If there are any particles of scale in the OPV the valve does not seat and pressure cannot build up as the water is allowed to return to the tank.Have you stripped the valve and cleaned the inside components?

Changing to a lower capacity fuse may affect brewing temperature/and steaming, values are calculated to suit the machine!!. Reducing the rating will not save the heating element in a boil/run dry situation (is this a fuse or fusible link ?)


----------



## TheSentinel (Aug 20, 2013)

The OPV is pretty much what I have left to check. The thermal fuse is a very simple application, a regular thermal fuse http://a248.e.akamai.net/origin-cdn.volusion.com/wysrt.cnwfk/v/vspfiles/photos/G4A01167C-2.jpg?1353416686 in a red safety sleeve attached to the tank http://www.home-barista.com/forums/userpix/269_8720_img_0136_small.jpg

The change doesn't affect the normal functions, since the fuse main function is to break when the heating element is risking a overheat. In my case, the fuse didn't break as it should have, making it worthless. The fuse was 184 degree from the Isomac factory, and I've seen a lot of recommendations from resellers, to replace it with a lower 167 degree. The 184 is set to high so the element goes first instead, should be the other way around making it a $5 repair instead of a $100 repair.


----------



## TheSentinel (Aug 20, 2013)

Guess what, I think I found the main problem! As I disassembled the OPV, the rubber pad had totally deteriorated and split in three pieces.
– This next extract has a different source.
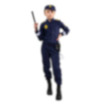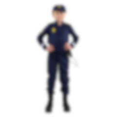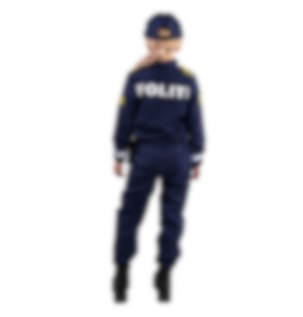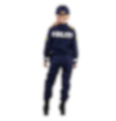 Mukana on myös tummansiniset housut, joissa on joustava vyötärö. Mukaan kuuluu myös poliisin hattu, jossa on valkoinen painatus.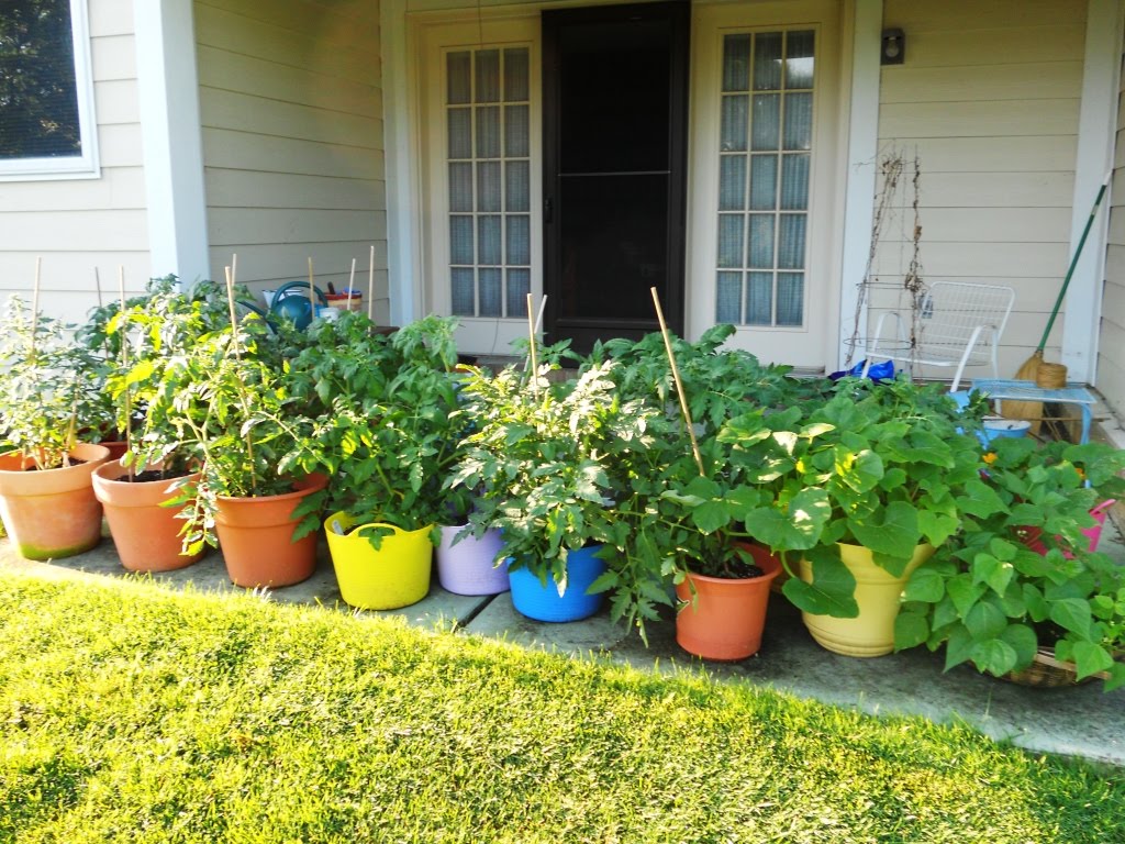 I think about that title every morning when I go out and water my container garden on the back patio. Here's how it looked on June 11:

The easiest part to check - I found it last of all, well thats life I guess







Now hoping I can get a hold of the OPV at the same time I pick up my heater element in a couple of hours.


----------



## TheSentinel (Aug 20, 2013)

Yes! Now it's up n' running. Conclusion: New OPV rubber valve (first fault) and new heating element (second fault, that could have been avoided).


----------